And even though the family endured a 15-day kidnapping in Northeast Mexico before arriving at a Juarez shelter, the woman said she’s managed to keep her daughters ages 1 and 3 safe.

That’s why she could never imagine herself placing her children by themselves in the hands of smugglers.

“I wouldn’t have the heart to send my daughters alone. I, as a mother, wouldn’t risk my daughters like that,” Azucena said.

Her comments came after watching a U.S. Customs and Border Protection video of smugglers dropping two Ecuadorian toddlers over the border wall and running away, abandoning them in the desert near Sunland Park, New Mexico, west of El Paso.

Azucena said she knows the hopelessness of living in poverty and constant fear of gangs, which drove her to attempt to seek asylum in the United States. But she said she can’t imagine parents trusting “evil people” like human smugglers.

“A small child can get hurt or imagine the Border Patrol doesn’t find him. (Being abandoned) is very difficult on children. They are angels of God. Imagine something happening to them,” she said. The Ecuadorian children in the video released on Wednesday – two girls ages 3 and 5 – “are at the mercy of God.”

Elsa, another Guatemalan woman staying at a Juarez shelter with her 1-year-old daughter, shook her head as she watched the images.

“It’s very sad because they are still babies. They could’ve broken something falling from so high. It’s sad,” said Elsa, who arrived in Juarez only a few weeks ago.

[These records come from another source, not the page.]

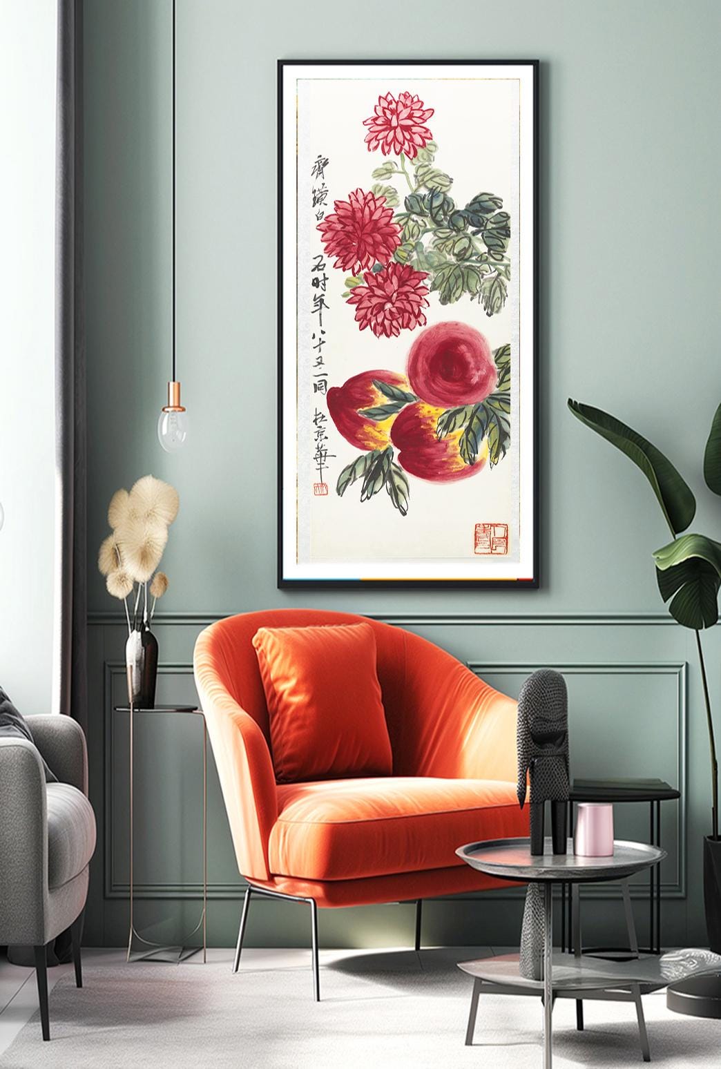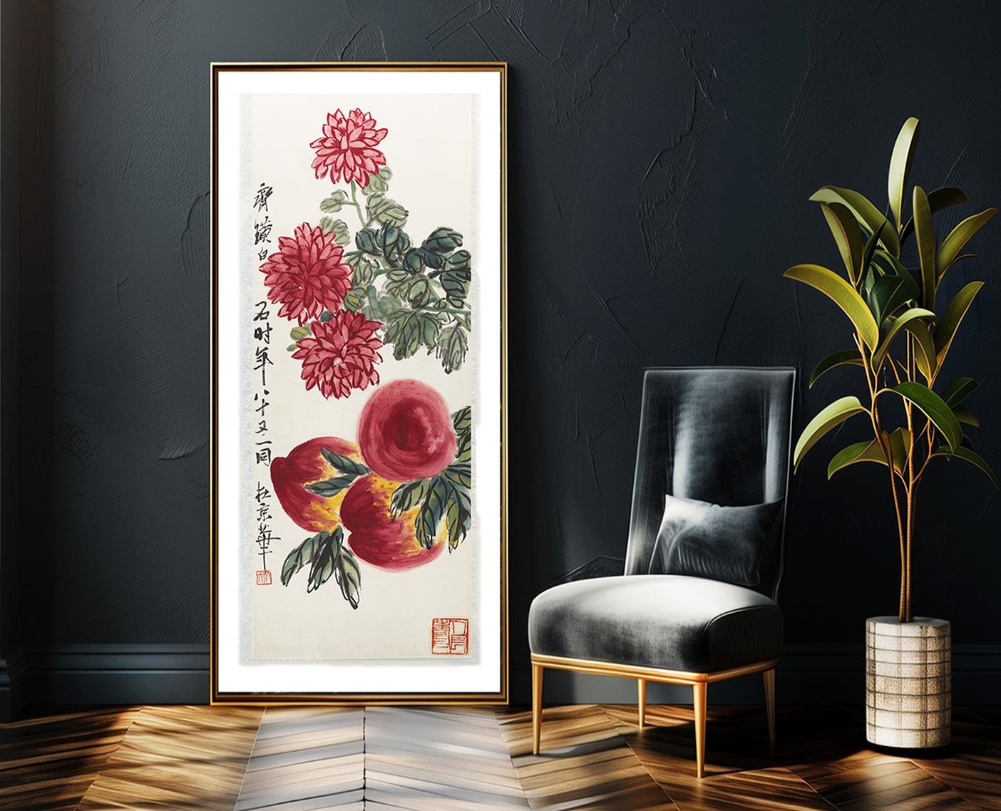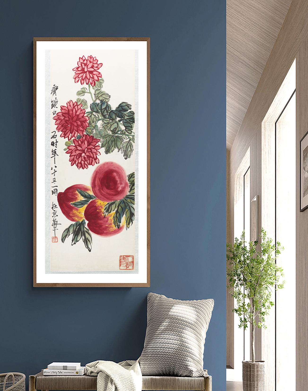 Peaches and Chrysanthemums by Qi Baishi_Fine Art Print - Poster Paper, Canvas Print / Gift Idea / Wall Decor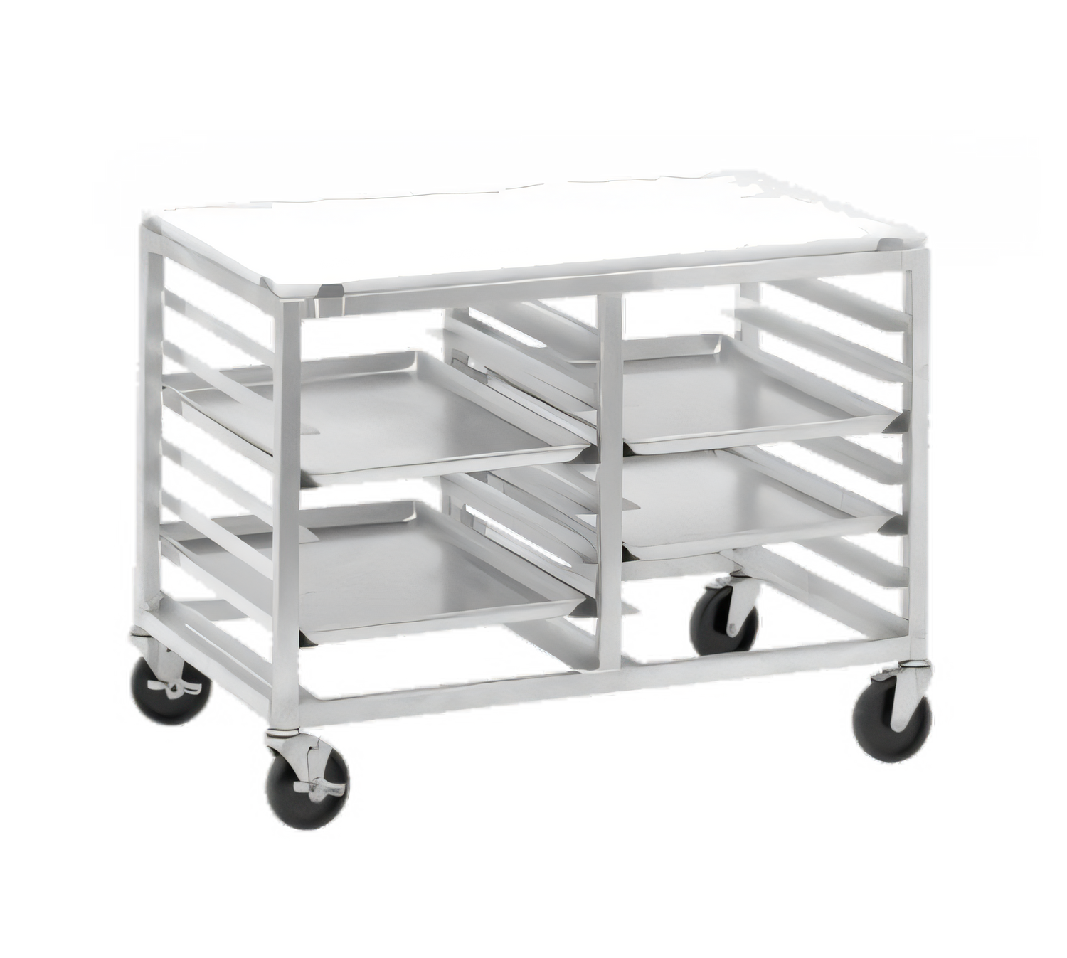 Bun Pan Rack, Work Table - Double Section, Angle Slides, 40"W x 24"D x 29-1/2"H, Aluminum Construction with Poly Top, End Load, 4" Angle Spacing, (10) 18" x 26" or (20) 13" x 18" pans (2 per shelf), 5" Swivel Stem Casters model # CSS45O, Made in USA, NSF, 59lbs. (ITEM WEIGHT ONLY), weight does not include 50 lbs. for pallet weight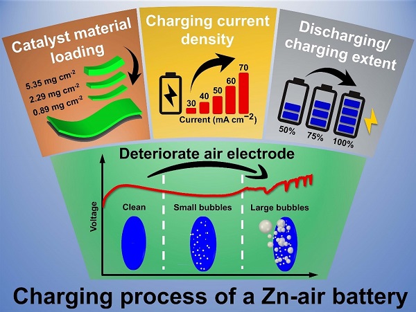 本工作通过原位表征手段对空气电极上的气体析出过程进行了深入研究。结果表明充电过程可分为三个典型阶段,且在较低电流密度和充放电深度下,空气电极可以始终保持“自清洁”状态从而免受气泡的影响。本工作提供了对空气电极充电行为的理解,有助于促进金属空气电池往实用化方向的发展。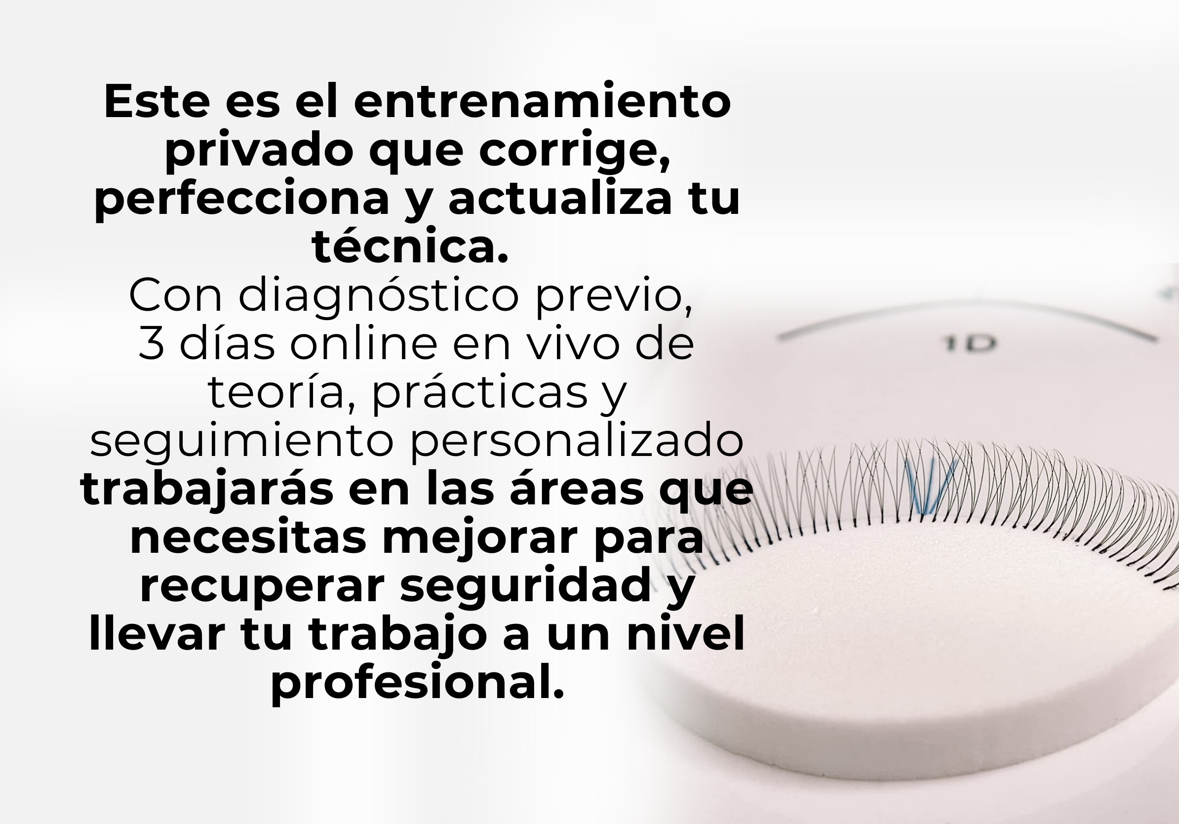Trabajarás paso a paso en tus puntos débiles —ya sea clásicas, volumen, abanicos, diseño, efectos, retención, redes sociales, ventas, o lo que tu necesites— con retroalimentación y temario totalmente personalizados.

She said witnessing the almost casual abuse the girls in the video suffer being let go and abandoned on the other side of a 14-foot barrier was especially painful for her. Elsa is fleeing Guatemala not so much out of poverty – she had a job and managed to feed her four children – but because she was threatened by a man who abused one of her sons.

“Children are defenseless. They don’t know what is happening to them,” Elsa said, adding she left her three oldest children in the care of her parents after the incident with her son, and bolted for the U.S. border with her youngest daughter.

Both women said they’ve attempted crossing the border twice, but were sent back to Mexico each time.

“The first time they told me that maybe later, that they might open the border soon. The second time they told me it would not be possible” with so many people coming, Azucena said. “I hope president (Biden) changes his mind.”

Elsa said she would at least like the opportunity to tell her story to an immigration judge. “I was mother and father to my children. I was the provider. I was poor but there were always beans with rice, tortillas with salt,” she said. “If that criminal hadn’t done what he did to my son, I wouldn’t have left my country. Here (in Mexico) it’s hard to stay because they kidnap you if you go out and the police, all they want is money.”